◆ **Records for processing**
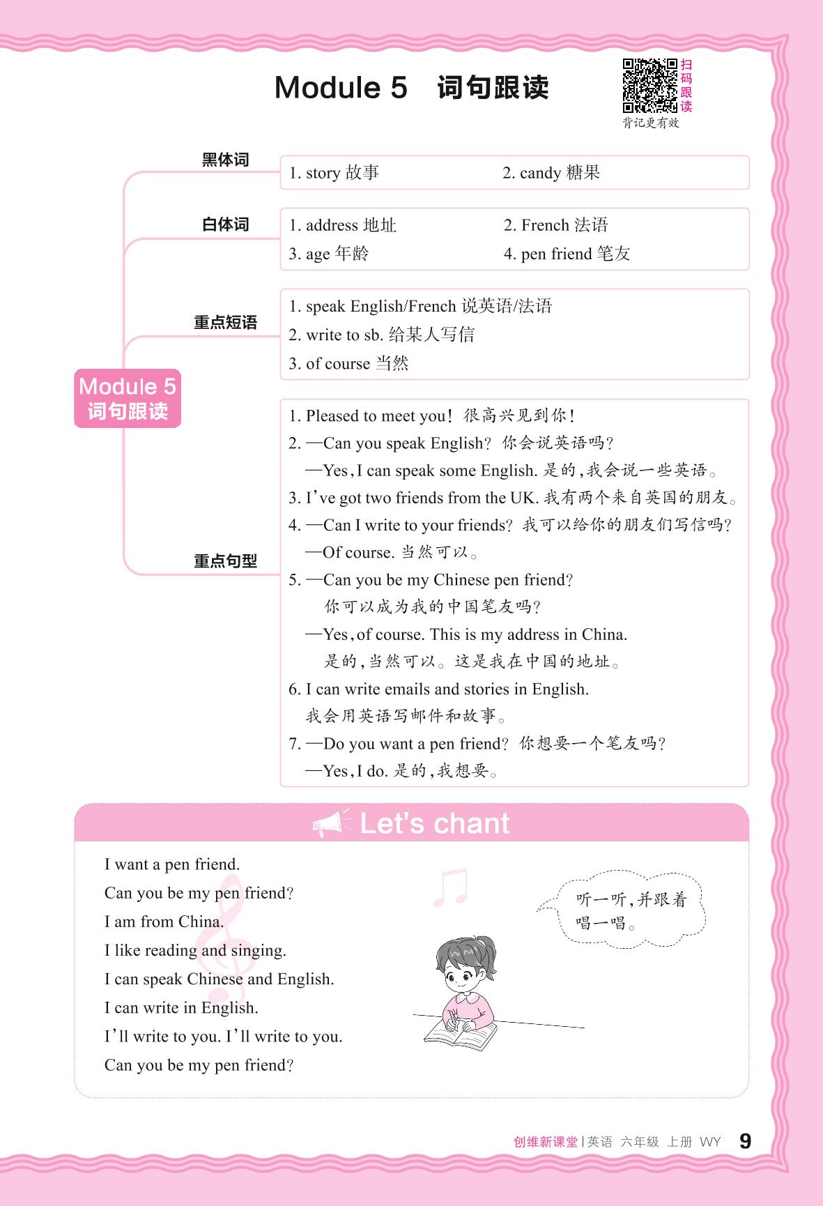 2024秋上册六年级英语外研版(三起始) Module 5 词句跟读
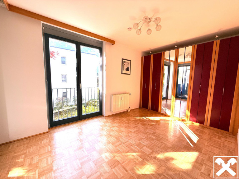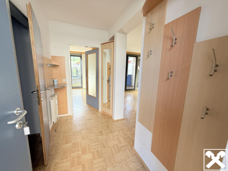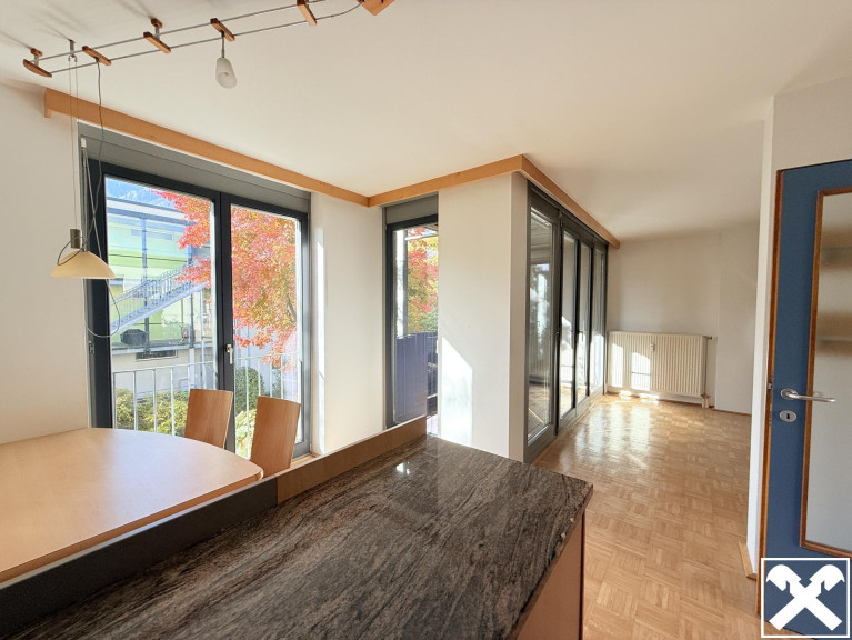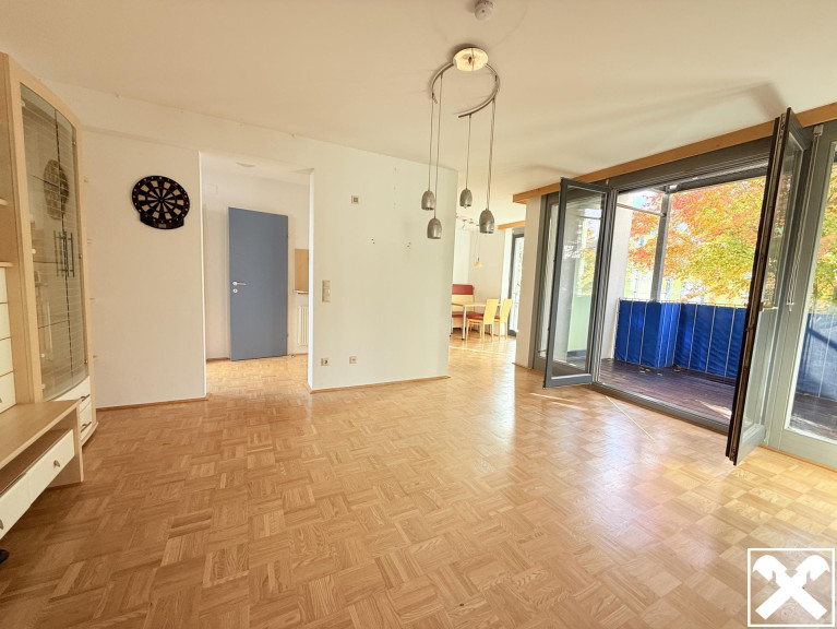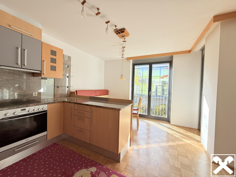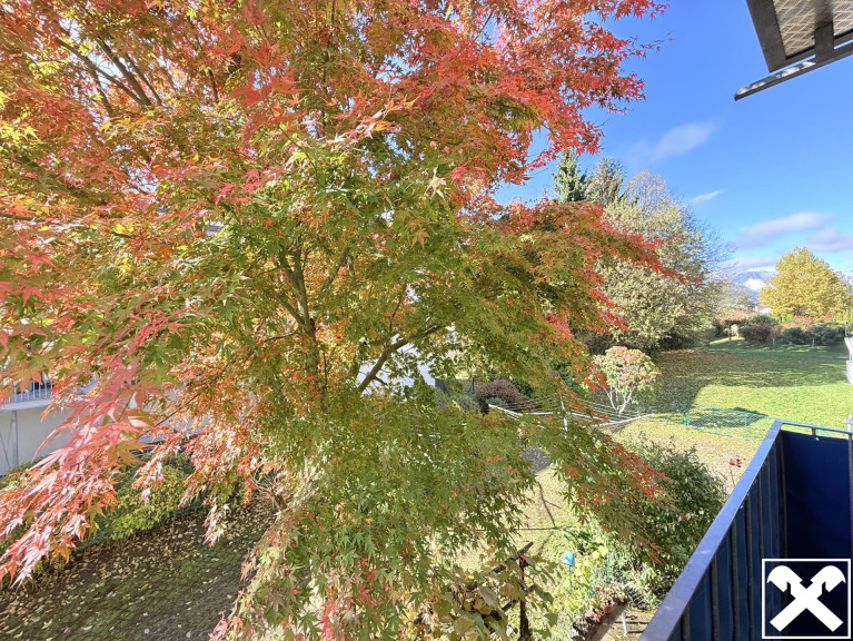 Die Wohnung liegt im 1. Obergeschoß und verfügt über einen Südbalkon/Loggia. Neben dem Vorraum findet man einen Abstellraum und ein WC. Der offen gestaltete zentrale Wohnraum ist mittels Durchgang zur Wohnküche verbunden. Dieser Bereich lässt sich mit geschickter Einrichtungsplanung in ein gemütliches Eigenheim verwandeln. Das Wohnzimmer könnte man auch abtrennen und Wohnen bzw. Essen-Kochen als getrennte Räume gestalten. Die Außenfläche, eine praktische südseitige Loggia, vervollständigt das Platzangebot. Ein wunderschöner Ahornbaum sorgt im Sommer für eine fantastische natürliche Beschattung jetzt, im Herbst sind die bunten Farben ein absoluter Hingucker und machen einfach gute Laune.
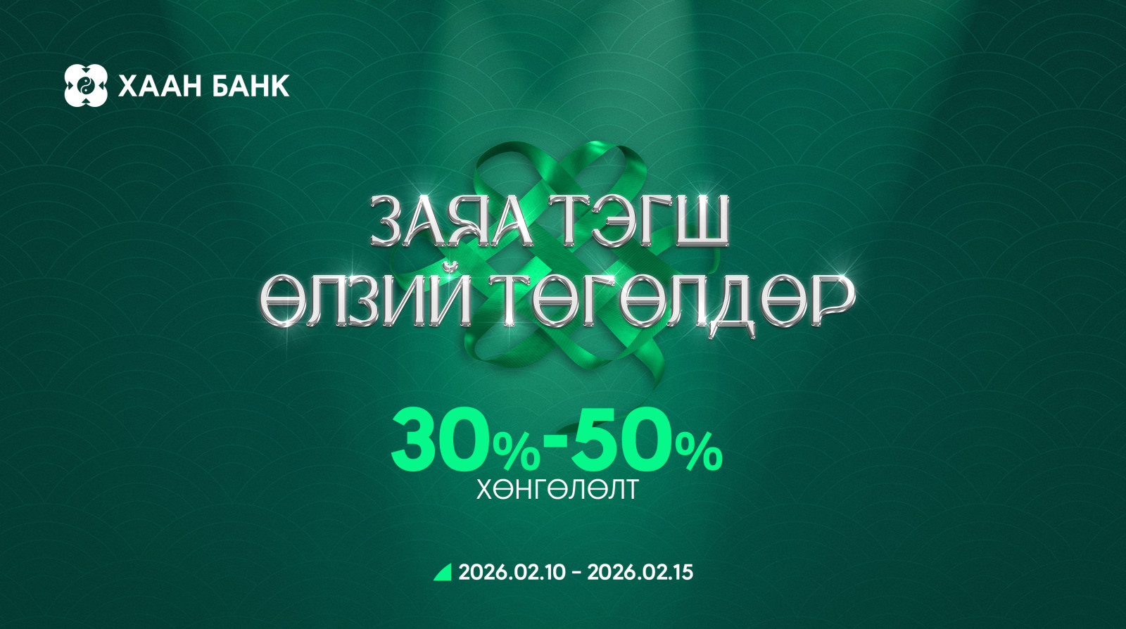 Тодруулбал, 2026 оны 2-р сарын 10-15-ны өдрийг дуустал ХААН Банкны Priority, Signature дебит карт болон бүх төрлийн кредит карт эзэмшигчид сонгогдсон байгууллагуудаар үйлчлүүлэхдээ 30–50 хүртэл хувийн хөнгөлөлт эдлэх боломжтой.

---

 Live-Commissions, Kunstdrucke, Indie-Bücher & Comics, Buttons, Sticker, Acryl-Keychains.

◆ **Work required**
Reproduce the data above exactly, but only the lines from the one showing "2024秋上册六年级英语外研版(三起始) Module 5 词句跟读" through the one showing "Тодруулбал, 2026 оны", with both ends kept and the pictures left out.

◆ **Task solution**
 2024秋上册六年级英语外研版(三起始) Module 5 词句跟读
 Die Wohnung liegt im 1. Obergeschoß und verfügt über einen Südbalkon/Loggia. Neben dem Vorraum findet man einen Abstellraum und ein WC. Der offen gestaltete zentrale Wohnraum ist mittels Durchgang zur Wohnküche verbunden. Dieser Bereich lässt sich mit geschickter Einrichtungsplanung in ein gemütliches Eigenheim verwandeln. Das Wohnzimmer könnte man auch abtrennen und Wohnen bzw. Essen-Kochen als getrennte Räume gestalten. Die Außenfläche, eine praktische südseitige Loggia, vervollständigt das Platzangebot. Ein wunderschöner Ahornbaum sorgt im Sommer für eine fantastische natürliche Beschattung jetzt, im Herbst sind die bunten Farben ein absoluter Hingucker und machen einfach gute Laune.
 Тодруулбал, 2026 оны 2-р сарын 10-15-ны өдрийг дуустал ХААН Банкны Priority, Signature дебит карт болон бүх төрлийн кредит карт эзэмшигчид сонгогдсон байгууллагуудаар үйлчлүүлэхдээ 30–50 хүртэл хувийн хөнгөлөлт эдлэх боломжтой.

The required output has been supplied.